* **EXERCISE BRIEF**
Look through the data below for the line with "- 2x Pampers" and the line with "Тетрадь школьная ученическая", then transcribe exactly from the first through the second, leaving out all pictures.

* **SOURCE INFORMATION**
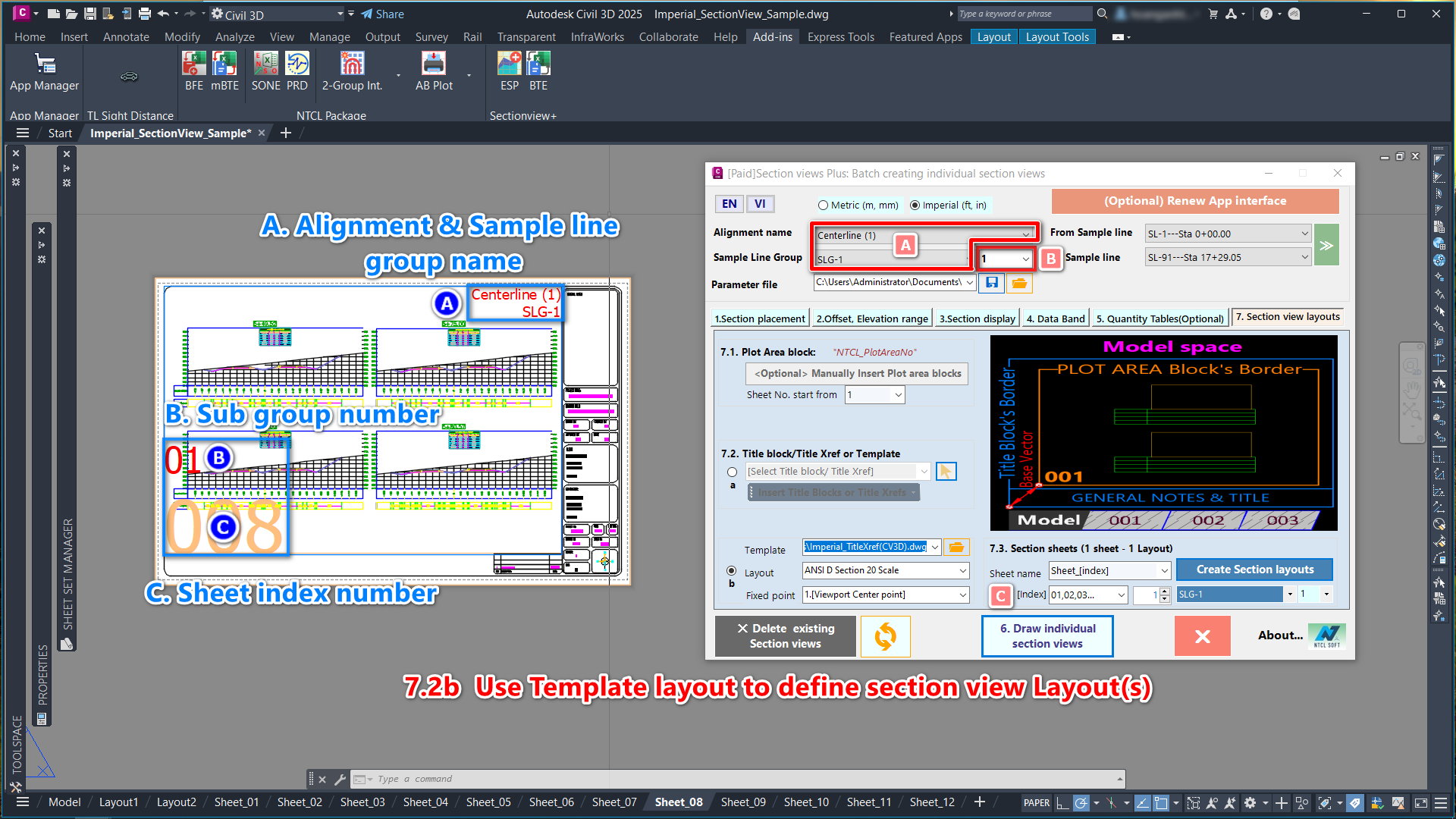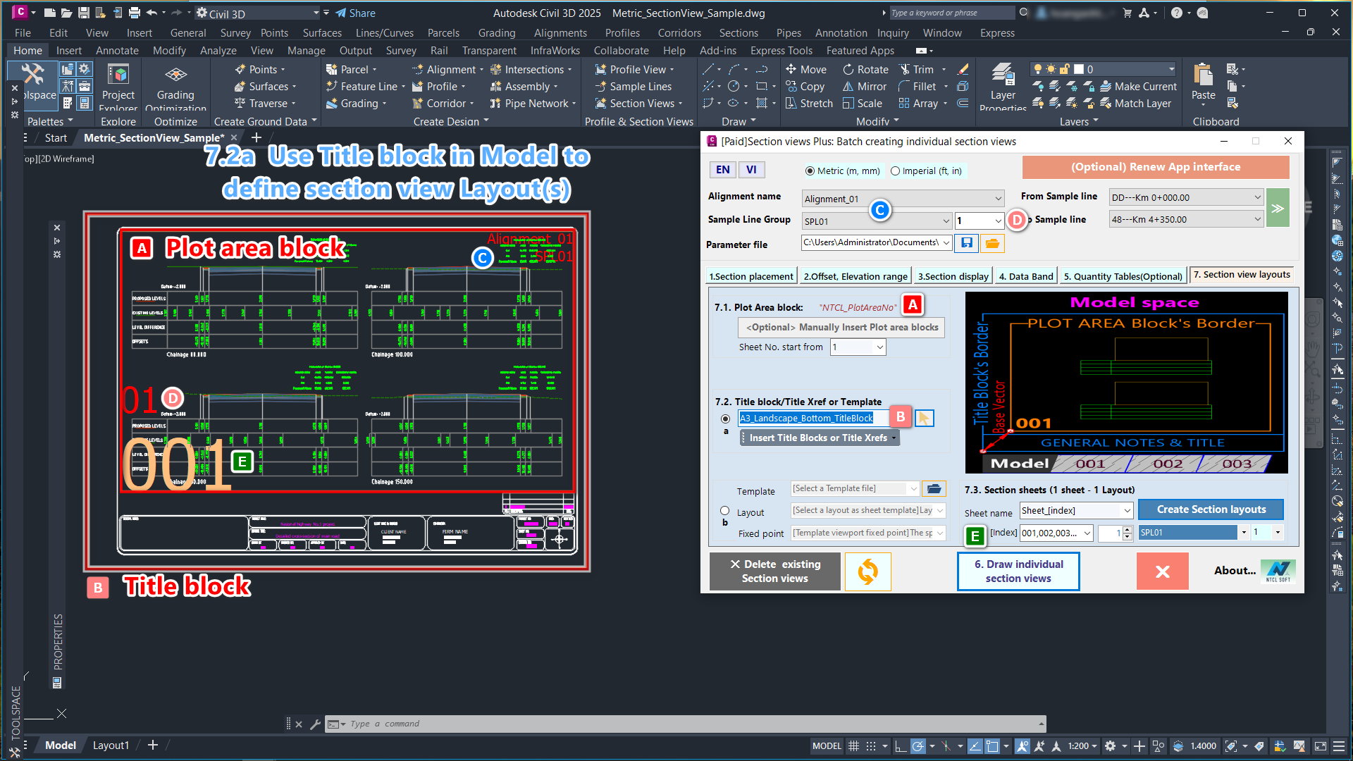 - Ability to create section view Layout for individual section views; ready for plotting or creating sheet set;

--

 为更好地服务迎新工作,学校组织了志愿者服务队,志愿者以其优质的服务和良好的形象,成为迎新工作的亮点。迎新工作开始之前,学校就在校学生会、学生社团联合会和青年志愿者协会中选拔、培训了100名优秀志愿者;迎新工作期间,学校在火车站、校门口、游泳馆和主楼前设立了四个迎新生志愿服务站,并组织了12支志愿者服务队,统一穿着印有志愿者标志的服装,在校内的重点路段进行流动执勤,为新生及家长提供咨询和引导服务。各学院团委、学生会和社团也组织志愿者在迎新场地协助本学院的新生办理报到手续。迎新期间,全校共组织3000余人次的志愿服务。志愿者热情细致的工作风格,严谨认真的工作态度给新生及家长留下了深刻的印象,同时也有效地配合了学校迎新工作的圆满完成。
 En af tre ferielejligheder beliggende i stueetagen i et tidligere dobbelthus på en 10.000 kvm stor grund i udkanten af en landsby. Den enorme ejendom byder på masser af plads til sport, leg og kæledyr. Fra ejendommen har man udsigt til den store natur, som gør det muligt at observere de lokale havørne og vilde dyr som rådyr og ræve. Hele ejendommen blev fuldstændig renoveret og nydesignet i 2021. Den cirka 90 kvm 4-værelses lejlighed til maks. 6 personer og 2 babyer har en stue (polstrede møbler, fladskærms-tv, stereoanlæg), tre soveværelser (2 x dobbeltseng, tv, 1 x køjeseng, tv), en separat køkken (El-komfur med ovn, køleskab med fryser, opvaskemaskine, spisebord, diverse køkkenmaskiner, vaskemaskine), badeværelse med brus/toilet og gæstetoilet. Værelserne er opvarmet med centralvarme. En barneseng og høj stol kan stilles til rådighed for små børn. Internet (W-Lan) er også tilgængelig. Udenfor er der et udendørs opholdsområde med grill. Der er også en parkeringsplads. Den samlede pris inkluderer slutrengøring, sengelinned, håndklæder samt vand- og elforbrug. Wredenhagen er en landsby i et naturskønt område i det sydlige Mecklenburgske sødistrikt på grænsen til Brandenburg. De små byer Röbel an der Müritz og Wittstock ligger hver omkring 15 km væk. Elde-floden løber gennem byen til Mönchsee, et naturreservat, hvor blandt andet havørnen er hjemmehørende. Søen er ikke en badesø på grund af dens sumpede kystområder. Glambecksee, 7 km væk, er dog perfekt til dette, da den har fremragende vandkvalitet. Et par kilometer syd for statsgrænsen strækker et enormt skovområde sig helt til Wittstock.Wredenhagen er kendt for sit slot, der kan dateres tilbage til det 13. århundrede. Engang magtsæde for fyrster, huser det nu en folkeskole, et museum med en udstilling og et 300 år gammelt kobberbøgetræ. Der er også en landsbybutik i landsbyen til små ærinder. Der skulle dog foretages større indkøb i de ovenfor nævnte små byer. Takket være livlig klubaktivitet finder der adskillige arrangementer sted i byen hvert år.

...

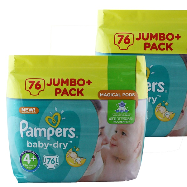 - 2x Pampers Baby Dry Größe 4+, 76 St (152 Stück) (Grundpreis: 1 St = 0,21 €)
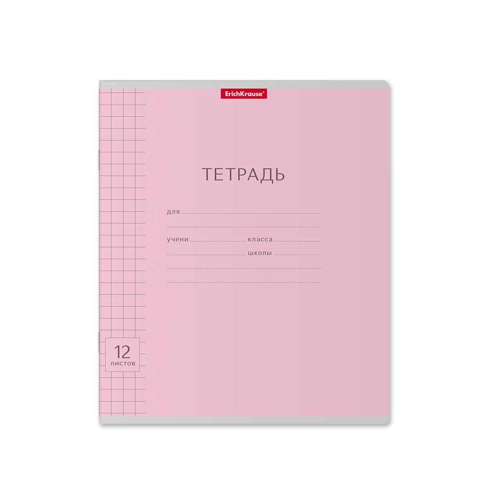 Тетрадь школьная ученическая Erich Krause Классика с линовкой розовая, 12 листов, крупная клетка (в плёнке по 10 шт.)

* **TASK ANSWER**
 - 2x Pampers Baby Dry Größe 4+, 76 St (152 Stück) (Grundpreis: 1 St = 0,21 €)
 Тетрадь школьная ученическая Erich Krause Классика с линовкой розовая, 12 листов, крупная клетка (в плёнке по 10 шт.)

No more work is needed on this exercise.